Magician Kevin Spencer is hoping for a warmer welcome when he makes his second visit to Pittsburg in April.

Magician Kevin Spencer is hoping for a warmer welcome when he makes his second visit to Pittsburg in April.

“I think that the last time we got there it was in the middle of an ice storm,” he said during a recent telephone interview. “I hope this time we’re coming in to sunshine.”

He and his wife, Cindy, are scheduled to perform  their “Theatre of Illusion” at 7:30 p.m. April 13 at Pittsburg Memorial Auditorium. Ticket information is available at 620-231-7827.

”We are the largest touring illusion show on the road, and we’ll be bringing 10 tons of equipment  to the stage of Pittsburg Memorial Auditorium,” Spencer said. “It’s a wonderful auditorium, a great space to play.”

He  said that he regards magic as much an art form as music or dance, and works with leading designers in scenery, lighting and special effects to make his shows spectacular.

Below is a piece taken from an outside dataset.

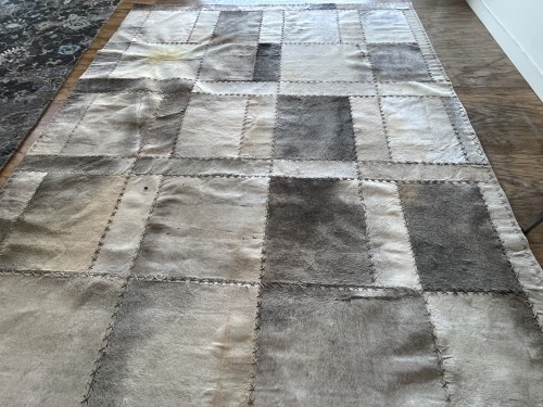 A residential patchwork cowhide rug exhibited heavy to moderate soil accumulation and noticeable faded areas that required professional cleaning.
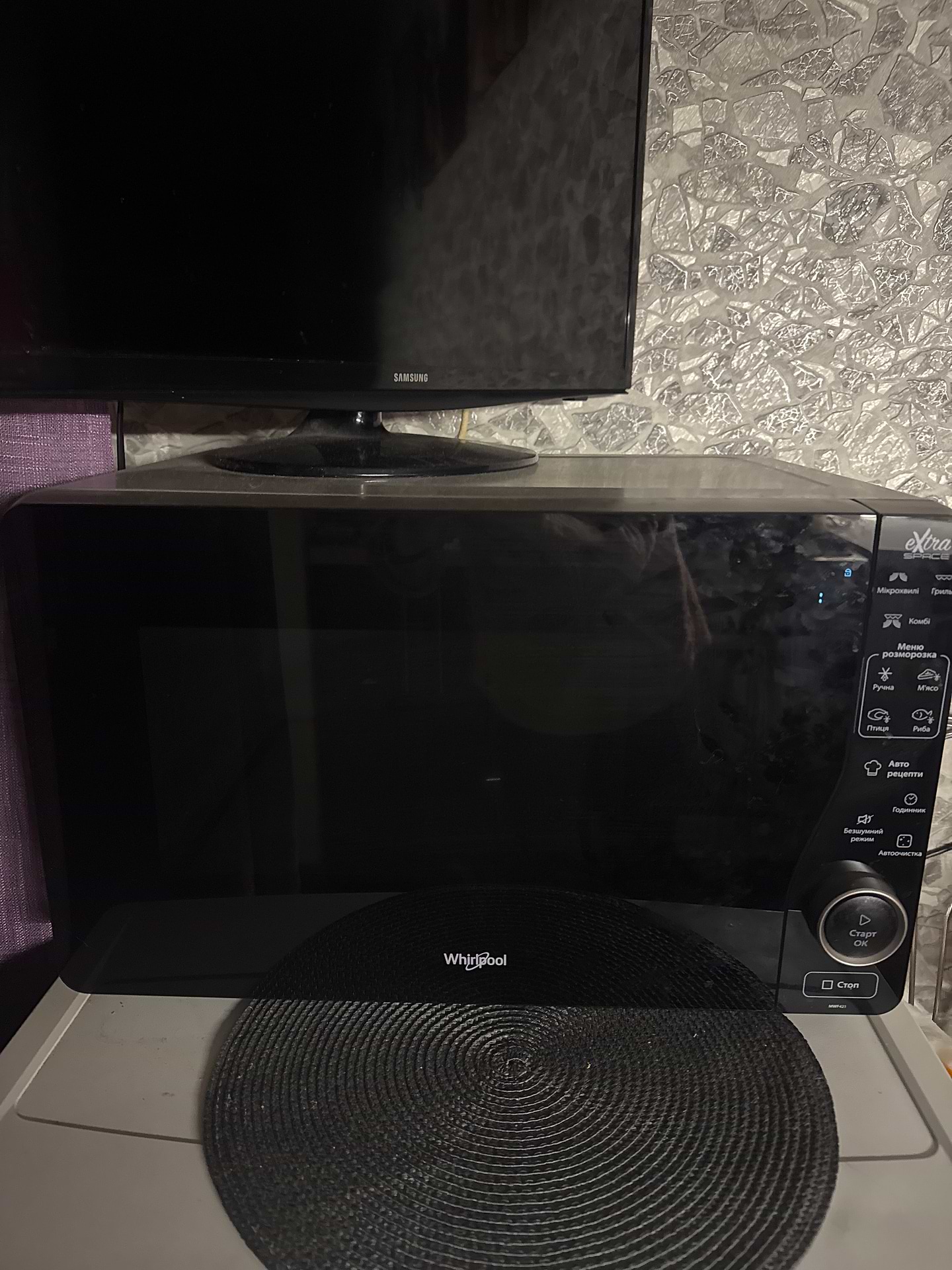 Брали на заміну старій мікрохвильовці, в якої була поворотна тарілка. У Whirlpool MWF 421 SL без поворотної тарілки, місткість камери стала значно більшою, як і зручність у використанні. Гарний дизайн, зручна і продумана панель керування, швидка і потужна функція нагріву. У період відключень світла, без проблем працює від домашньої EcoFlow"ки. Зручно чиститься, і витирається. Дуже раджу дану модель!

“We use music, movement, lighting, special effects, scenery and many other elements and wrap them around some pretty amazing illusions,” Spencer said.

Each show is customized to the space and stage size, so it’s difficult to list exactly which illusions the Spencers will perform in Pittsburg, but Spencer did say that he intends to do a contemporary version of of  Harry Houdini’s most  spectacular and difficult feats.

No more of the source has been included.